I am sure you two will do fine! And if not, you still have a whole week to train. And if, by chance, she does not pass, she will next time. She is so young!


----------



## MercyMom (Dec 19, 2011)

*What I need to work on*

Mercy did not do very well during rehearsal. I am a little discouraged tonight, but I am not giving up! She did not down for me during rehearsal. She gets so excited and yanks on her leash to pull towards things that excite her like she never has done before unless I am just feeling it more because she is bigger. She is strong for a Golden. Even my breeder was amazed at her strength at 5 months of age when she tatooed her. My last dog was muscular and very strong too. Mercy is not too far behind that. Anyway, Mercy still jumps up very excitedly when someone new comes. She also mouthed the trainer during the appearance and grooming as she handled her paws. That really concerned me. At least afterwards, I asked her to handle her paws again and she did well as I gave her treats. She is normally very good with her sit stay at 20 feet away, but not during rehearsal! She also ran past me during the come command after doing so well with it in the field behind my house. I will have to go to other parks to practice with her. I will have to practice greeting people and dogs with her as well. I will be taking off work two hours early next Wednesday to warm her up before the test. I might have to take off an hour early Monday and Tuesday also. And daylight savings coming to an end next week certainly doesn't help either. Thankfully, there is no meeting at church this Tuesday due to election day. It's off to practice when I get home from work tomorrow night.


----------



## MercyMom (Dec 19, 2011)

Altairss said:


> While it is good to have a goal, your are almost setting yourself up for disappointment. Dogs have good and bad days and some have more bad then good at that age. You can set a standard for yourself that your dog may not be ready to obtain. I hope that does not come off mean it just seems you are so focused on the goal your forgetting your puppy. They almost never do anything on a schedule no matter how important it is to us personally. I just don't want to see you frustrated and pushing hard at training. Your feelings go right down that leash and if your frustrated thinking you won't make your goal your puppy is going to feel that and is more likely to act up.
> It might be better to think well if she doesn't make it by 9 months we will go for 12 take some of the pressure off yourself and it will take pressure off of her.
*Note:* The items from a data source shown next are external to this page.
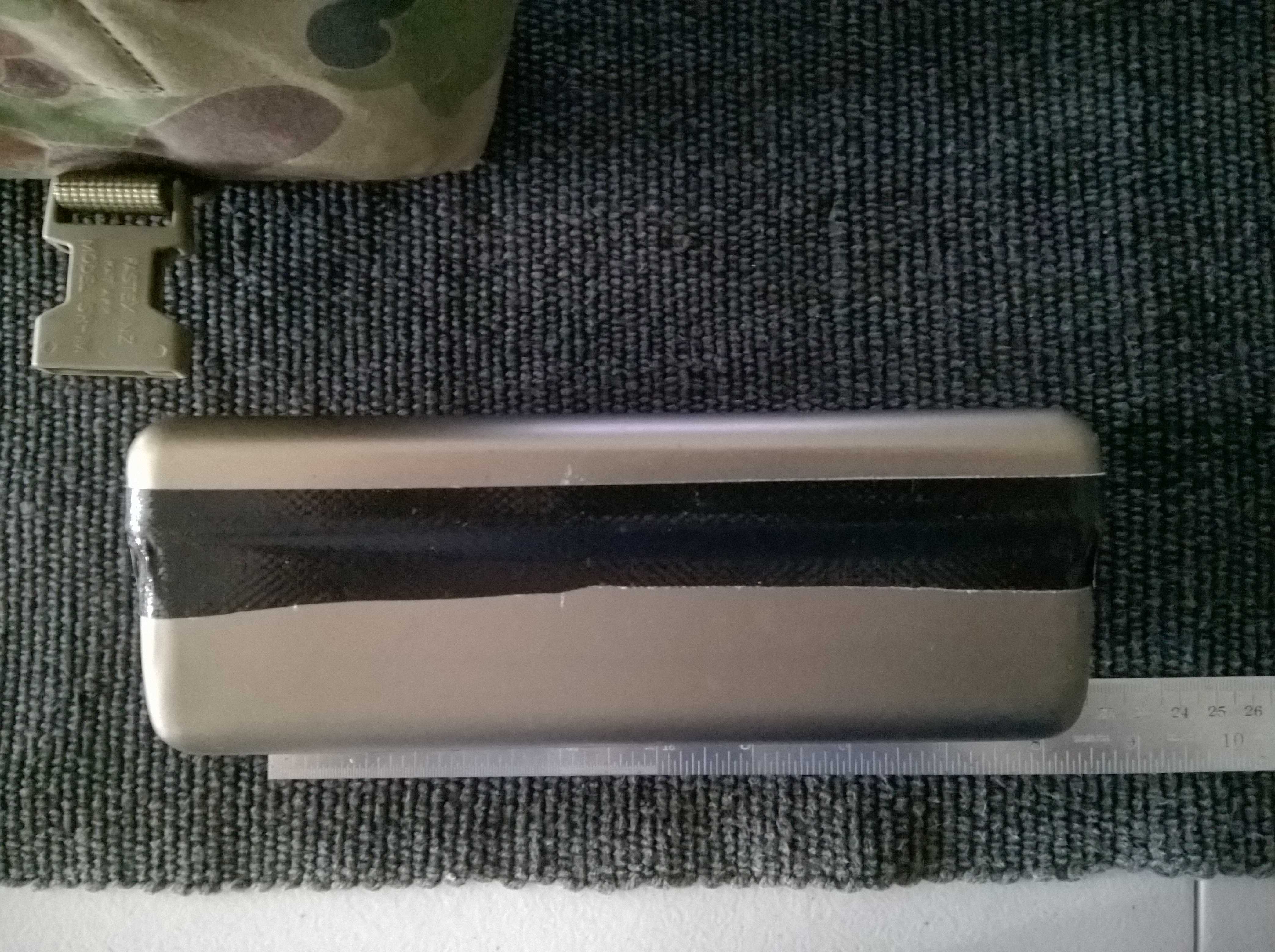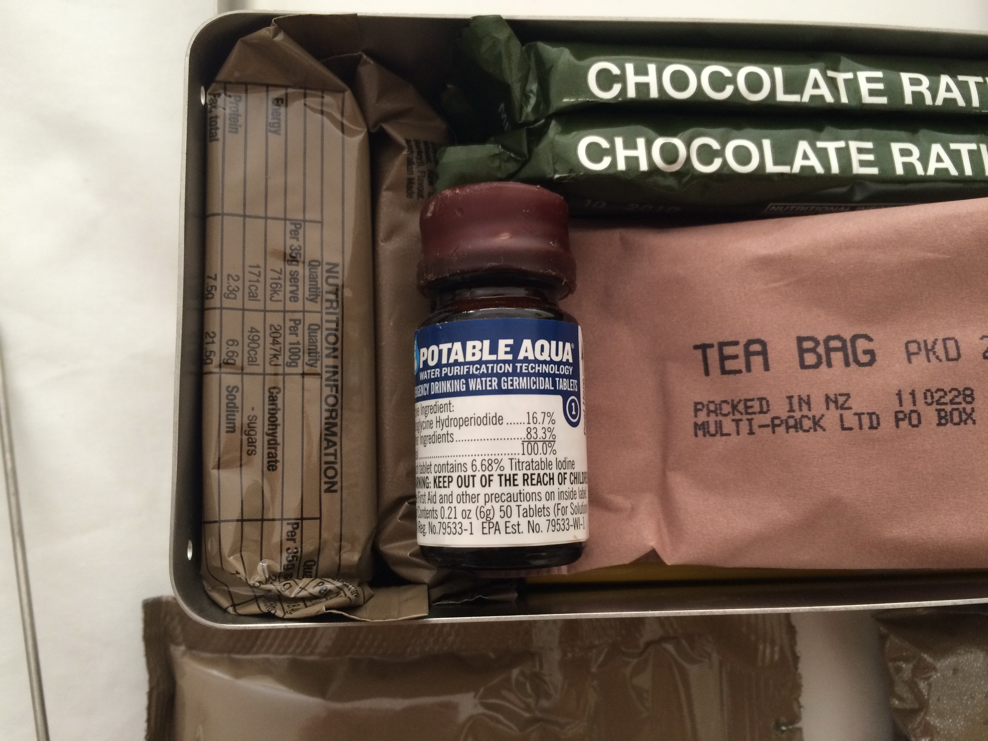 Top pamphlets is a list of contents and instructions for water purification. The two wires you see on the left are for converting the case into a canteen for boiling water. The energy drink powder had already become solid, so it appears the duct tape wasn't that great at keeping out the moisture. In there is two bars of chocolate, pack of M&M's, small muesli bar, packet of biscuits (scotch fingers), tea, coffee, sugar, milk powder, beverage powder, matches, toilet paper, scouring pad and the usual plastic bags.
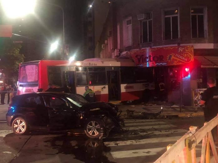 Un colectivo se incrustó en una pizzería de Vicente López tras chocar con un BMW que pasó en rojo
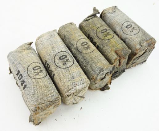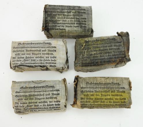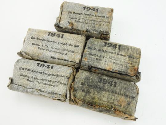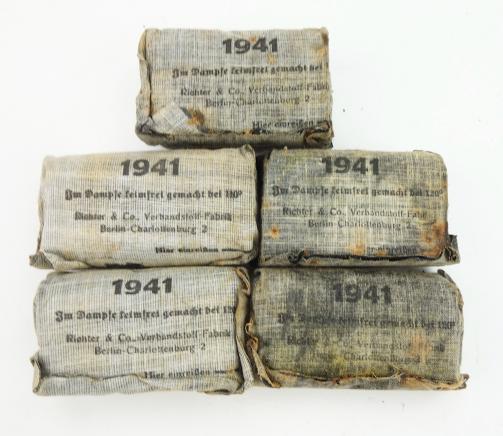 5 Wehrmacht First Aid Wound Bandages All same maker and all dated “1941” All made by “Richter & Co, Verbandstoff-Fabrik, Berlin-Charlottenburg 2” in good condition.
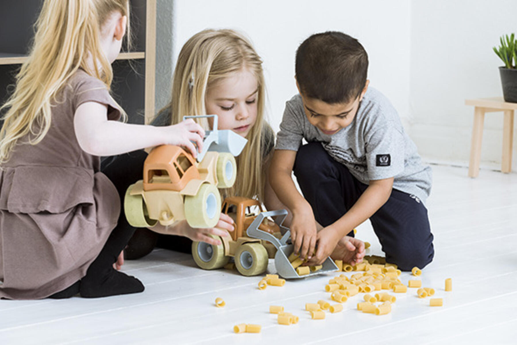 Traktor och lastbil som är helt baserade på sockerrör och 100 % återvinningsbara. Traktorn har en höj- och sänkbar skopa fram och lastbilen ett tippbart flak. Tål frost. Livsmedelsgodkänd. Svanenmärkt, licensnummer 50950001. PVC-fri. Från 2 år.
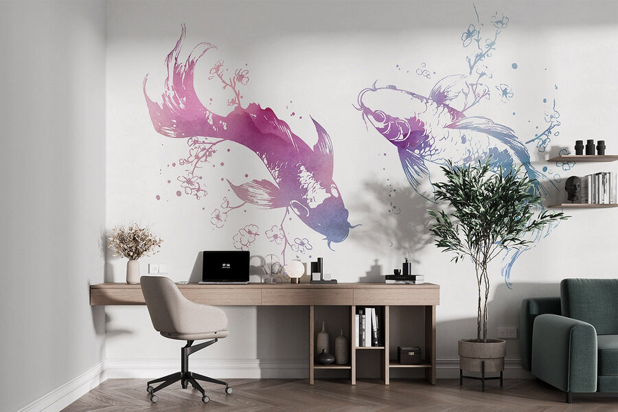 Odmień swoją przestrzeń dzięki tej czarującej fototapecie ściennej przedstawiającej dwie eleganckie ryby pływające wśród akwarelowych plam. To jak przeniesienie kawałka morza prosto do domu, bez piasku w butach. Delikatne odcienie tańczą na fototapecie, wywołując poczucie spokoju, które może z łatwością rozjaśnić każde pomieszczenie. Wyobraź sobie, że siedzisz w przytulnym kącie, popijając herbatę, podczas gdy te wdzięczne ryby zdają się przepływać obok – możesz nawet zapomnieć, że jesteś w domu. To uroczy akcent, który szepcze wyrafinowanie i spokój, idealny do stworzenia spokojnej atmosfery. Nie zdziw się, jeśli zaczniesz rozmawiać z rybami; mogą mieć historie do opowiedzenia!
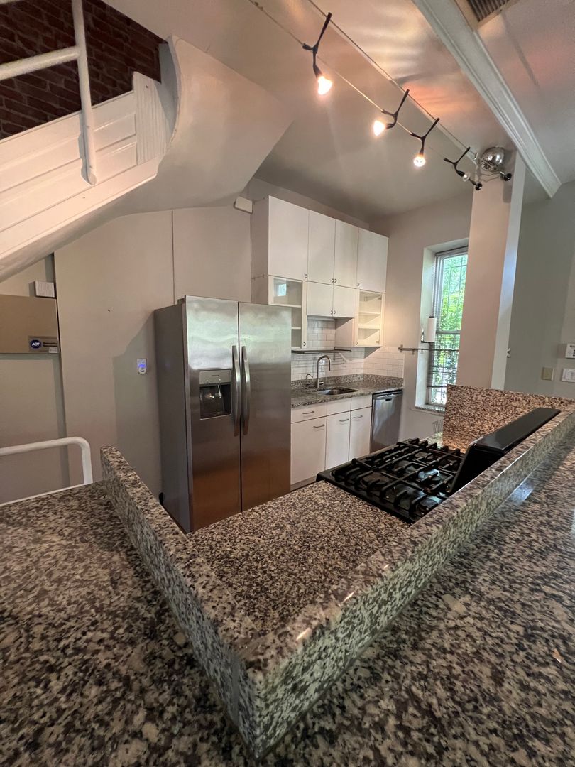 The open layout offers a spacious living area with two decorative fireplaces, perfect for cozy nights in. The kitchen is equipped with granite countertops, a gas range, stainless steel appliances, and an in-unit washer and dryer for everyday convenience.
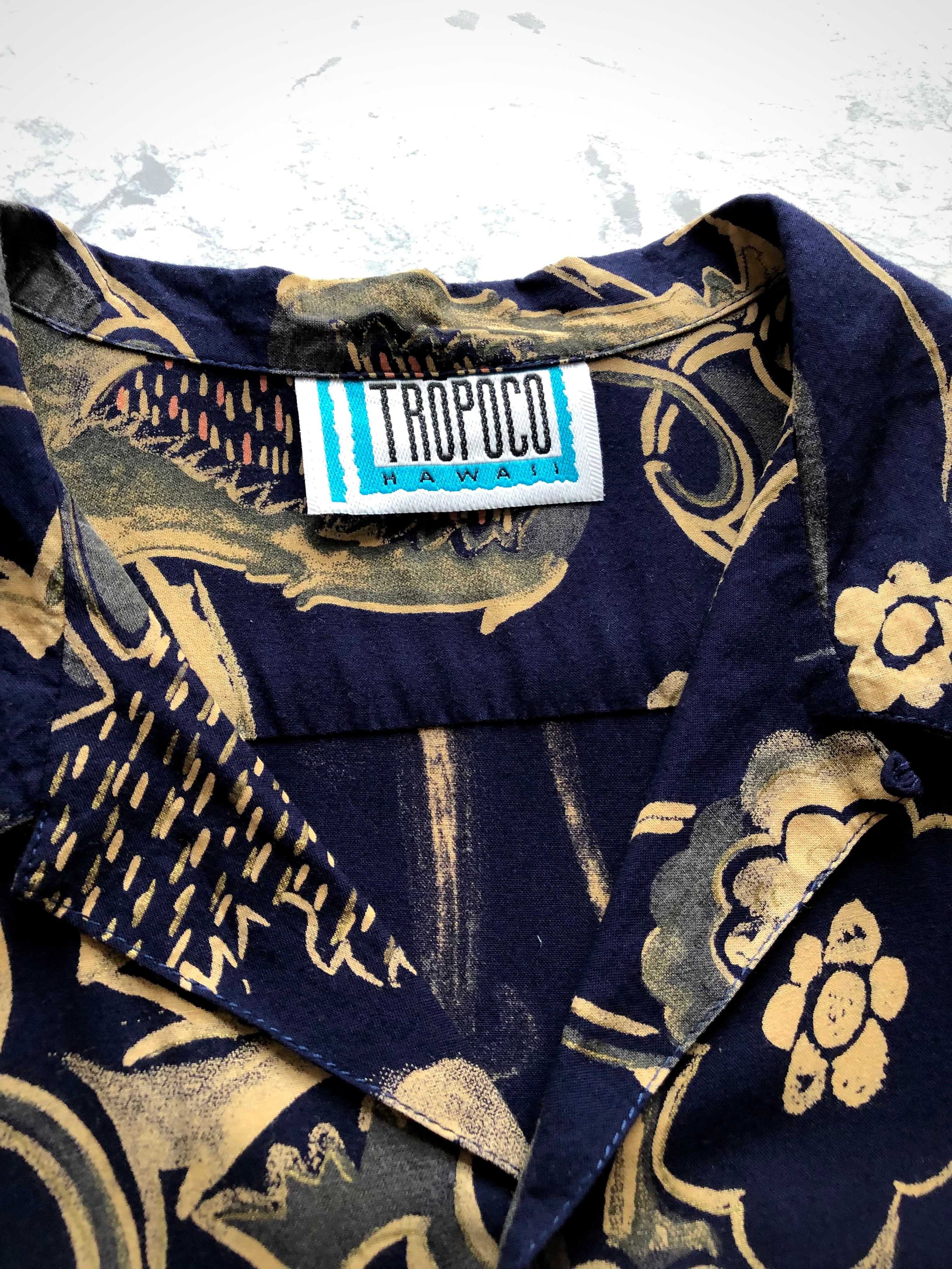 80s-90s TROPOCO ALL-OVER RAYON HAWAIIAN ALOHA SHIRT OLD VINTAGE ハワイ発 トロポコ ボタニカル 総柄パターン ハワイアン アロハシャツ オールド ビンテージ
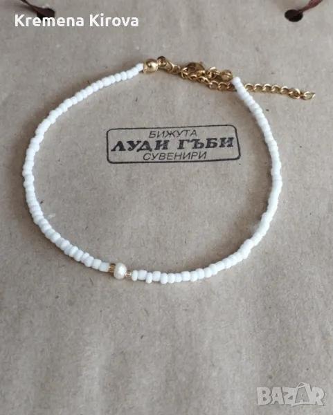 Гривни за крак с перличка, чешки мъниста и стомана. Бижута Луди гъби. Ръчна изработка. → Обява 50297599
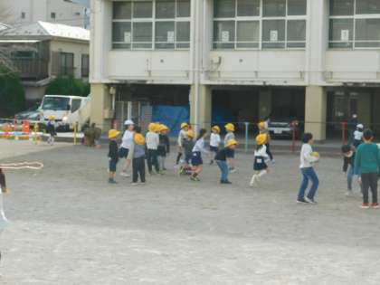 鉄棒のそばでは、1年生がたくさん遊んでいました。
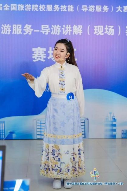第十四届全国旅游院校服务技能(导游服务)大赛共有来自全国30个省、自治区、直辖市的303所高等院校和部分中职学校的883名选手报名参赛。比赛设普通话导游服务和英语导游服务两个项目,每个项目由理论考核、导游讲解、才艺展示三个部分组成,旨在考查学生的综合能力。大赛为各位参赛选手提供了展示技能、切磋技艺、成长成才的平台,共聘请46位权威专家担任裁判,并采用专门的评分系统,即时公布选手成绩,确保比赛的公平、公正、公开。

Otherwise when you do the actual testing you might be so tense it will make it worse or remove the pressure and be more relaxed and so will she.
> 
> Good luck we are pulling for you.


I have already prepared myself mentally in case she does not pass.


----------



## Max's Dad (Apr 23, 2012)

Mercy is only 8 months old. Be patient. She will get it. Max is our third Golden--the first two were girls and only around 70 pounds, but both were very powerful dogs.


----------



## Altairss (Sep 7, 2012)

Good luck hopefully she is just getting all the silly out now! I know my daughter was absolutely freaked out when she did Sparkles they did pass. My son figured Boots would never even come close as at that stage he was still half out of control half the time but he held it together and shocked us all. 
Deep Breaths try and not let yourself stress and remember to try and have some fun! Will be thinking of you next week!


----------



## Gwen_Dandridge (Jul 14, 2012)

When I had Maddie tested for CGC, we hadn't taken the 'prescribed' class, but she had taken various training. I thought she could pass so I called a tester and though he didn't think she would pass as she was so young, he was up for it.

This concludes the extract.